District Judge Michael McHenry has ruled in favor of the COS Owners Association and against the Church For All Nations on a motion by COSOA for judgment on the pleadings.
Accordingly, McHenry has vacated a trial set to begin March 13; the case was filed by the church in January 2021. It revolves around the church’s effort to gain permission to build an airplane hangar at Colorado Springs Airport, which leases land to COSOA, but after shelling out some $400,000 since 2008, it still doesn’t have a hangar.
Essentially, the church wanted COSOA to allow it to use its own developer to build a hangar for its aircraft, but COSOA said any new hangar construction must go through the designated developer, Hoag Construction, because that company invested a lot of money in development of the pad sites about a decade ago and should be given the chance to recover that investment. In the alternative, the church could pay Hoag $240,000 and then hire a developer to build the hangar, although even that alternative was later withdrawn.
In his ruling, McHenry said, “To plead a breach of contract claim under Colorado law (which is the basis for Plaintiff’s claim for breach of the covenant of good faith and fair dealing), a plaintiff must sufficiently plead a factual basis for the following elements: (1) the existence of a contract, (2) performance by the plaintiff or some justification for nonperformance, (3) failure to perform the contract by the defendant, and (4) resulting damages to the plaintiff…. Other courts have determined that a plaintiff … must plead the terms of the agreement upon which the alleged liability rests.”
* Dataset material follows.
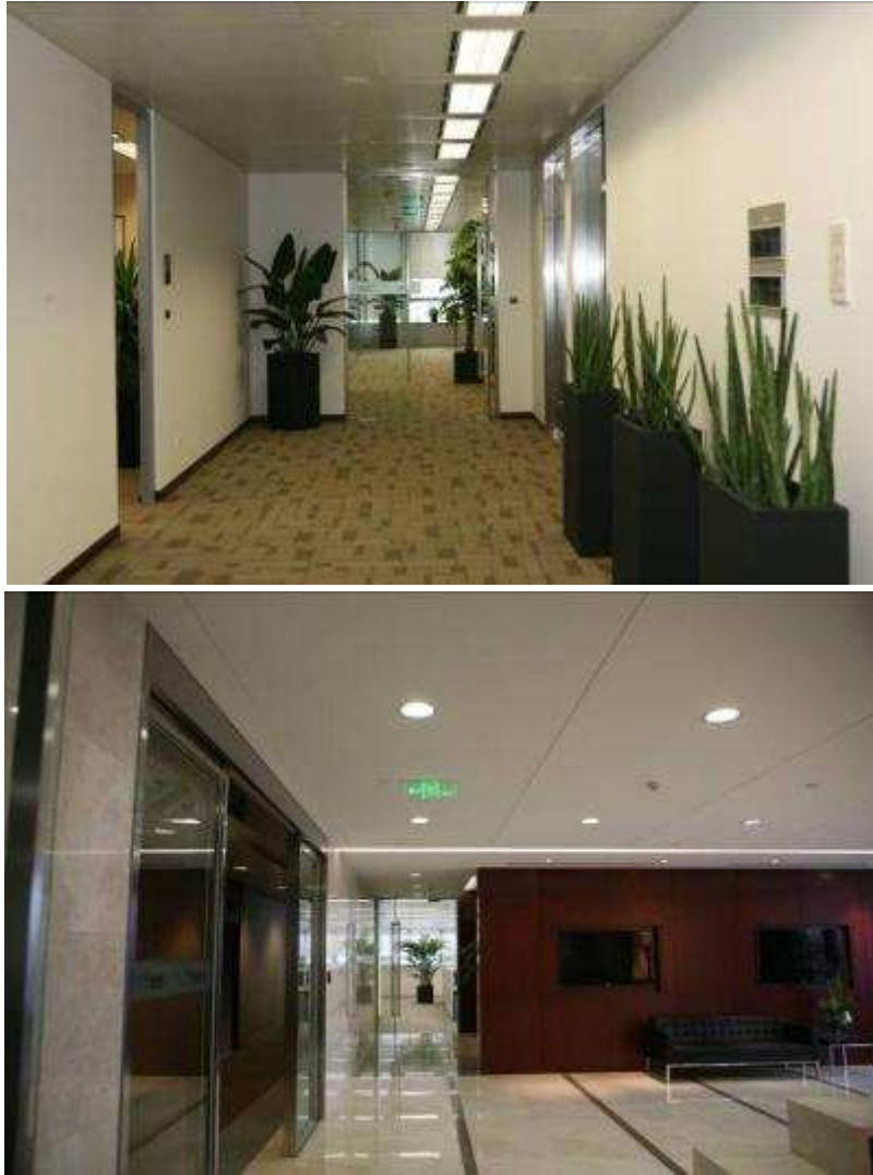
图 15 上海信托内外环境整洁优美 办公场所设计合理

The church’s lawsuit, McHenry wrote, “does not plausibly establish the existence of a contract as it alleges almost none of the terms of any such agreement other than Plaintiff’s expressed right to build a hangar. Plaintiff seeks to build a hangar on land which COSOA leases based on the allegation that it paid ‘rent.’
“This is insufficient to show any contractual right to build a hangar on a leasehold estate (that COSOA does not even own),” the judge wrote. “Moreover, even if Plaintiff has alleged some type of tenancy it would be on a month-to-month basis without a defined term…. A month-to-month tenancy that can be terminated on thirty days notice offers no support for Plaintiff’s claim that it has a right to build a hangar on a leasehold estate and should have been permitted to select its own developer.”
Similarly, McHenry ruled against the church on its other claims, including that it had a right to use its own developer.
The attorney for COSOA declined to comment and the attorney for the church didn’t respond to an email seeking comment.
The church could appeal McHenry’s ruling or ask for him to reconsider. Whatever happens, it appears the church wants to continue an effort to remove existing COSOA board members and install its favored members in efforts to attain the right to build a hanger. That’s apparent in a motion filed by the church for continuation of trial, filed Feb. 25 before McHenry’s March 2 ruling, that notes the church disputes the outcome of a vote on removing board members that took place on Feb. 16 at a special meeting of COSOA.
“… [M]embers of the association have made a demand for arbitration challenging the reported special meeting results and seeking confirmation of Tom Hoag’s, Tim Brannaman’s, and Al Briccetti’s removal as directors, review of a proxy procured by Mr. Hoag, and confirmation of the validity of prior shareholder action,” the church’s motion states.